The Ethics of Reconstruction
The reconstruction of the 1918 virus was not universally welcomed. The decision to synthesize a live copy of the most lethal pandemic pathogen in modern history, even under maximum biosecurity conditions, drew serious criticism from scientists, biosecurity experts, and ethicists.
The arguments in favor were straightforward: understanding the virus is essential for pandemic preparedness. The 1918 flu killed more people in a year than the Black Death killed in a decade. If a similar virus emerged again, whether through natural mutation or deliberate engineering, the ability to recognize it and respond quickly could save millions of lives. The reconstructed genome allows researchers to test antiviral drugs, develop vaccines, and study the specific molecular features that made the 1918 strain so lethal.
The arguments against were also serious. A Biosafety Level 4 facility has never had a containment failure that released a pathogen into the broader environment, but the history of biosafety incidents at even the most secure laboratories includes near-misses. In 2014, the CDC itself discovered forgotten vials of smallpox in an unsecured storage room. The argument was made that reconstructing a pathogen of this lethality from a published genome sequence also lowers the barrier for bad actors. Once the sequence is public, reconstruction is theoretically possible for any laboratory with sufficient resources.
The virus remains in a CDC freezer in Atlanta, behind locked doors, under constant monitoring. Taubenberger's work continues. Hultin's four thimble-sized tissue samples made it all possible.
What Brevig Mission Carries Now
The village was renamed Brevig Mission in honor of Tollef Brevig in 1963. It remains a small Inupiat community today, home to roughly three hundred people. The mass grave is still there, marked by crosses. The village has a school, a post office, an airstrip. Subsistence hunting and fishing remain central to daily life. The Bering Strait is visible from the shore.
The 1918 deaths are remembered. The village council that gave Johan Hultin permission to dig in both 1951 and 1997 understood what was at stake.
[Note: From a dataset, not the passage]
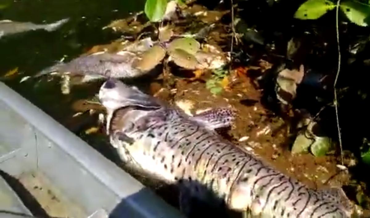 Atualizada às 10h48 Pescadores que navegavam pelo rio Teles Pires no fim de semana, denunciaram a morte de toneladas de peixes boiando na água. A mortandade atinge todas as espécies existentes no local e começou a ser percebida no sábado (15). Os autores das filmagens acusam a Usina Hidrelétrica de Sinop pelo dano ambiental.

A member of that council, quoted in a 1997 newspaper account, described the decision simply: the community wanted the world to understand what had happened to them, and if the research helped prevent future deaths, then disturbing the rest of the ancestors was worth it.
Johan Hultin returned to Brevig Mission one more time after 1997, to pay his respects. He made a wreath and placed it at the grave site. He was not a young man making a scientific expedition. He was someone who had spent forty-six years thinking about seventy-two people he had never met, and what their deaths might still teach the living.
The virus he recovered is locked away in Atlanta. The grave is quiet again. The permafrost that preserved the evidence of the worst mortality event of the twentieth century still lies beneath the tundra of the Seward Peninsula, a few feet underground, cold and intact. What else it holds, no one has gone to find out.